Menurutnya, penumpang merasa seolah-olah telah pindah dari satu negara ke negara lain karena budaya dan masyarakatnya sangat berbeda. Semua perubahan pemandangan dan bahkan bahasa membuat jalur kereta api ini sangat fenomenal.
Namun, citra Iran sebagai tujuan wisata multifaset menderita sejak revolusi 1979. Sanksi selama beberapa dekade dan citra negatif tentang Iran sebagai masyarakat anti-Barat semakin memojokkan bangsa, kata Morakabati.

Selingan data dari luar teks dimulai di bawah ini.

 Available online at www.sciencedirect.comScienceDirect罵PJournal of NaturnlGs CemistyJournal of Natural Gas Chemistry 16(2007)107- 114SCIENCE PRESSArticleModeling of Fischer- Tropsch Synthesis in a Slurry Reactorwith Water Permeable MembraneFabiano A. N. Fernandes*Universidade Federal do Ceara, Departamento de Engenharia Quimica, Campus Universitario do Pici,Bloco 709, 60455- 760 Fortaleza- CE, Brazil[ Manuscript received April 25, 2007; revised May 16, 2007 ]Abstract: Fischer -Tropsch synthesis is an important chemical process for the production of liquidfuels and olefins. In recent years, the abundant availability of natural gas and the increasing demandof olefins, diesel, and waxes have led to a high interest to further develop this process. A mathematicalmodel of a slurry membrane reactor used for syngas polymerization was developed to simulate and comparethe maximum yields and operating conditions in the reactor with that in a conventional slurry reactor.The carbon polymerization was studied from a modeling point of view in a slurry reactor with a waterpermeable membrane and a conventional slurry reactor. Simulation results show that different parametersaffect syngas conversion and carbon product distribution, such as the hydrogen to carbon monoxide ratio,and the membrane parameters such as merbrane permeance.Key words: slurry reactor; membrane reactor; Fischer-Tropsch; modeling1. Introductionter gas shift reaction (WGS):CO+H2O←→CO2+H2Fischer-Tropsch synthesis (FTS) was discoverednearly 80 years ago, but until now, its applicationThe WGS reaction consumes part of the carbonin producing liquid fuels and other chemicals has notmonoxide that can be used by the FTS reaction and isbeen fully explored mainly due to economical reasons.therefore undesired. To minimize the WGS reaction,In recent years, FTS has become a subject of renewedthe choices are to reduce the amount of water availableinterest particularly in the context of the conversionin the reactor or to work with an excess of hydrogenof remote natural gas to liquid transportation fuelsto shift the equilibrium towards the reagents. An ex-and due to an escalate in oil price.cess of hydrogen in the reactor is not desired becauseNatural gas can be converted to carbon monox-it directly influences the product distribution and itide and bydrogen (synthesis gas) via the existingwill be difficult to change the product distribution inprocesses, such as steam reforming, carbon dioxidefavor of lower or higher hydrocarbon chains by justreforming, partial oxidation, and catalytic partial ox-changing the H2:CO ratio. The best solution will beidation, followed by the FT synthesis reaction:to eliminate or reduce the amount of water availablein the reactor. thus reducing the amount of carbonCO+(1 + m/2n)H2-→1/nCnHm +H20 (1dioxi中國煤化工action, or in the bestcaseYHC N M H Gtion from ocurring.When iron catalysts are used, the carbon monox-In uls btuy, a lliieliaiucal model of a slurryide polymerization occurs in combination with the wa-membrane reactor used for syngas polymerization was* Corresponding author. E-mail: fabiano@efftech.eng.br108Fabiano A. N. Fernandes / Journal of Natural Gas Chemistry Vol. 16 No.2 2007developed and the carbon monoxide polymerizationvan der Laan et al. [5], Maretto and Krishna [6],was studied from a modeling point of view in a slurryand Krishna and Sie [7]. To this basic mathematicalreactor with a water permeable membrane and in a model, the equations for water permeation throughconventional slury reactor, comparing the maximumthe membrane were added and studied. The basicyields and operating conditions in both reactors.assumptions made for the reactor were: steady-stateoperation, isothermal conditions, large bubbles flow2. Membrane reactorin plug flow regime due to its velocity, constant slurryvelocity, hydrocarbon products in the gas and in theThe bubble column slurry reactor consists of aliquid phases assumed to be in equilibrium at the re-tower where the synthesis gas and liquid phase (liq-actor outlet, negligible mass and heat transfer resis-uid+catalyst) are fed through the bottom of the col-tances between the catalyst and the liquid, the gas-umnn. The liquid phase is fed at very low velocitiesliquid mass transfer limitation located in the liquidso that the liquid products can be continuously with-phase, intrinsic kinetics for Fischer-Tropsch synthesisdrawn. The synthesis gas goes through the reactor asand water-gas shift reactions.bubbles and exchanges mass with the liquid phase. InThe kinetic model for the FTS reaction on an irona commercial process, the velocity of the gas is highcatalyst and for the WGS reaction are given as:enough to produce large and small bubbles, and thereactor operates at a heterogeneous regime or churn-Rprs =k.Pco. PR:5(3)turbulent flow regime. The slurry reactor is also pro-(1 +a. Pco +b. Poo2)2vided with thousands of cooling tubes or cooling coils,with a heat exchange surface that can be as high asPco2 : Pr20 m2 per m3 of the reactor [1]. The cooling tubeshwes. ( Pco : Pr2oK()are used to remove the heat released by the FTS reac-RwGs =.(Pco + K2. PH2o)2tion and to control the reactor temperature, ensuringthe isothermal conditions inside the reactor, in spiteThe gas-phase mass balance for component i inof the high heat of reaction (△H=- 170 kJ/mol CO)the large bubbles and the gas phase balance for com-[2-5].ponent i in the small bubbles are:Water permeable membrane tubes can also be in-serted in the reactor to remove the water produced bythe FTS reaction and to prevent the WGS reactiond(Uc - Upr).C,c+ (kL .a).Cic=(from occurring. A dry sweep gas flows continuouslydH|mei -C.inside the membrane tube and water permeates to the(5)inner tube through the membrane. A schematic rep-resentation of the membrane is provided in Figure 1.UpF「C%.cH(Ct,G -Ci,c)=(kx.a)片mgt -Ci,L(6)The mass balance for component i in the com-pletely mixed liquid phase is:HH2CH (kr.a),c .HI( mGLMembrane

Namun semakin banyak turis berduyun-duyun ke negara itu dan mengalaminya secara langsung, stereotip itu dihilangkan.
Sebelum pandemi COVID-19, perjalanan ke Iran melonjak. Negara ini sedang mempersiapkan masuknya pelancong. Kereta api, salah satu proyek infrastruktur paling kontroversial, adalah jantung dari upaya berkelanjutan negara itu untuk menghidupkan kembali pariwisata.
Pembangunan proyek yang kontroversial
Di Iran, kereta api dirayakan sebagai simbol modernitas dan persatuan, namun pembangunannya penuh kontroversi.

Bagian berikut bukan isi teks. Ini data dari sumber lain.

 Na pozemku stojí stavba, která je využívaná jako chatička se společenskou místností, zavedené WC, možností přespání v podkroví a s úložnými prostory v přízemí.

Kekaisaran Ottoman, India Britania, dan Mesir yang semuanya memiliki jaringan kereta api pada paruh kedua abad ke-19, kata Mikiya Koyagi, asisten profesor di University of Texas Austin. Pembangunan jalur kereta api di Iran terbilang terlambat, jika dibandingkan dengan negara-negara tetangganya.
Sebabnya, saat kereta api global menjamur hingga Perang Dunia I, Iran terjebak di antara dua kekuatan kekaisaran. Kekaisaran Rusia dan Kerajaan Inggris bersaing untuk mendapatkan pengaruh militer dan komersial di kawasan itu.

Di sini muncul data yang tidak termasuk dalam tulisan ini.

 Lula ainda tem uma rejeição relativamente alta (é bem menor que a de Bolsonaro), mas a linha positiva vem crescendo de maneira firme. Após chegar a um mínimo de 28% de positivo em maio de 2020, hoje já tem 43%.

“Setiap kali ada proyek yang diusulkan Rusia untuk membangun rel kereta api di Iran, ada oposisi Inggris. Dan ketika ada rencana Inggris, ada oposisi Rusia,” kata Koyagi.
Namun semua itu mengalami perubahan pada tahun 1925. Saat itu Kekaisaran Qajar Iran runtuh. Negara bagian Pahlavi yang baru ingin membangun infrastruktur negara dan memperluas perdagangan tanpa bergantung pada kekuatan asing.
Mereka mendanai seluruh jalur kereta api di dalam negeri dengan mengenakan pajak yang tinggi atas gula dan teh dan mengambil pinjaman bank domestik.
“Itu adalah keputusan yang disengaja agar tidak memberikan terlalu banyak kekuasaan kepada satu negara tertentu,” ungkap Koyagi.
Mereka juga merencanakan jalur di sekitar kepentingan nasional untuk mengoptimalkan perdagangan dan akses militer negara. Misalnya, jalur kereta api menghubungkan perairan utama di utara dan selatan, barang-barang Iran dapat diekspor dengan mudah. Itu juga memberi akses militer negara ke bagian-bagian negara yang sulit dikendalikan yang sebelumnya. Daerah ini terisolasi oleh pegunungan yang curam dan gurun yang tidak ramah.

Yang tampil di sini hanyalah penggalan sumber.